My wife informs me that her Gmail suddenly shows more than 55,000 emails in her inbox, dating back to 2020. She says she has always saved important emails in separate folders, and swears she regularly cleaned out her inbox and can’t understand why the emails are suddenly back. Because she has the important emails in different folders, she isn’t concerned about wiping out anything before 1/01/2025. Nevertheless we can’t find any tips on how to eliminate more than one screen (50 messages) at one time. Is there anyway to wipe them out in a bigger bunch - like maybe a year at a time?
On the desktop browser app, if I click the “select all” checkbox in the top left corner of the mail list, I get a notice that comes up across the top of the list asking if I want to select all 16,292 conversations. You can click on that.
It takes a bit for the actual number of emails in your folder to actually go down to 0 once you delete or move. But it does happen.

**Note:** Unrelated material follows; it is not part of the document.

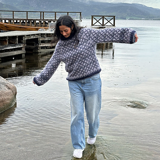Genseren strikkes med dobbel tråd tynn mohair, og blir et fnugglett plagg selv om den er mønsterstrikket. Plagget strikkes nedenifra og opp og har raglanfelling. På halsen strikkes det forkortede rader som gir en liten utringning foran.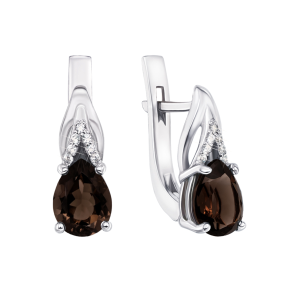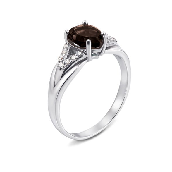 Серебряное кольцо с дымчатым кварцем и фианитами. Артикул 1937/9р

I suspect this works the same on any folder. So if you have a defined set of emails on your screen, it should ask you if you want to select all.

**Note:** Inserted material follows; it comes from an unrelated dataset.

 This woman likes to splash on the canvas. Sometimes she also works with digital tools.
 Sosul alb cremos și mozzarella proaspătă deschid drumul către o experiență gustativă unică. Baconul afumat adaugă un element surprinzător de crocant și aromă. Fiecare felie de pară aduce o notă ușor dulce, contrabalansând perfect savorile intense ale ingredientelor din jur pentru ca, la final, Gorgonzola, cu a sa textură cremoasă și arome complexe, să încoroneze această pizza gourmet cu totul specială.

ETA: Here’s an article on it with images. How to Select All Emails in Gmail
Is she in the “All mail” view instead of Inbox? Gmail typically archives emails instead of deleting them.
Also, if she was using a desktop client instead of the Gmail website, that might have its own local copy of emails and she might’ve been deleting those instead of the Gmail originals.
Emails truly deleted from Gmail will go in the trash and be permanently unrecoverable after 30 days.
This, and that article leave out a step. This might be something Google added yesterday, but I needed to do it.
On the one I’m using, I click the top check box to select all of the messages. That selects the 50 or so on the page, and it creates a menu to the right of the check box. The last item in the menu is the stacked dots(⋮), hiding more options. Click on that, and at the very bottom of the menu that appears it will say “switch to advanced toolbar”. Click on that.
Once I did all of that, I finally got the question about selecting all of the messages in the inbox.
I don’t know that selecting all of the messages and deleting them or archiving them is the right thing to do, but at least now you’ll have the secret to select all of the messages, if you need to.
Although Google is a lot futzier about it than they used to be, it is still possible to authorize the use of an actual email application to interact with gmail. Thunderbird, for instance, or Mailbird.
You can do an advanced search to isolate the ones you want to move and then move or delete the entire set of results all in one whack in pretty much any decent email application.
It’d take very, very long to sync all those 55k emails over to a desktop client for deletion though. If you “select all” on the web app, it will do it all serverside without having to load the individual emails first.
Note that Gmail doesn’t have actual folders but instead “labels” that you can attach to messages. If she had actual folders, she may have been using some sort of client software to access the Gmail account.
Though it may still take a long time, and, in my experience, you may have to go back and do it again a few times.
It was a lot of work clearing things out so that it woudln’t keep using of my Dad’s Google Drive space. I don’t know how you wind up with multiple gigabytes of emails even after attachments are removed, but he pulled it off somehow. Mine is much smaller, despite rarely deleting anything.
If that’s the issue then I think you can sort the mail by size. That way you can delete the biggest ones first.
Not quite. You can find emails bigger than a certain size, but they won’t actually sort biggest to smallest. I did do the former for sure.
So start by finding messages larger than, say, ten megabytes and delete as many of them as possible.
Alternatively, it could be that they are labelled rather than in folders, in which case an “all emails” view would presumably include the ones she wants to keep?
I’ve never done any mass deletion from gmail so I dont know exactly how it works, but I’d be careful before just selecting everything to delete.
I did say I used that feature.
There just was a lot left. little messages add up. I still don’t know how he did it.
To rephrase what @Dewey_Finn and @DCTrekkie said: folders in GMail are not folders in the same sense as directories on a PC hard disk; they’re labels with some decoration to make them act like folders. The Inbox itself is a label. A single message can be assigned multiple labels and thus appear simultaneously in multiple “folders”, but it’s still only one message. Deletion of that message will delete it from all its “folders” at once.
I recommend you try locating a semi-important email that’s been placed in one of those “folders” in the past few months; then come back to the big list of 55000 messages and try to locate that same email message there. If it’s listed there, then deleting all 55000 messages would likely delete that message from its “folder” too.
The above description is based on using GMail in a web browser on a computer, or in the GMail mobile application. If you’re viewing GMail in a different environment, like Windows Mail or the “Mail” app on a Mac or iPhone, the model is a bit different, but you should still test on a small sample before you delete the whole Inbox contents.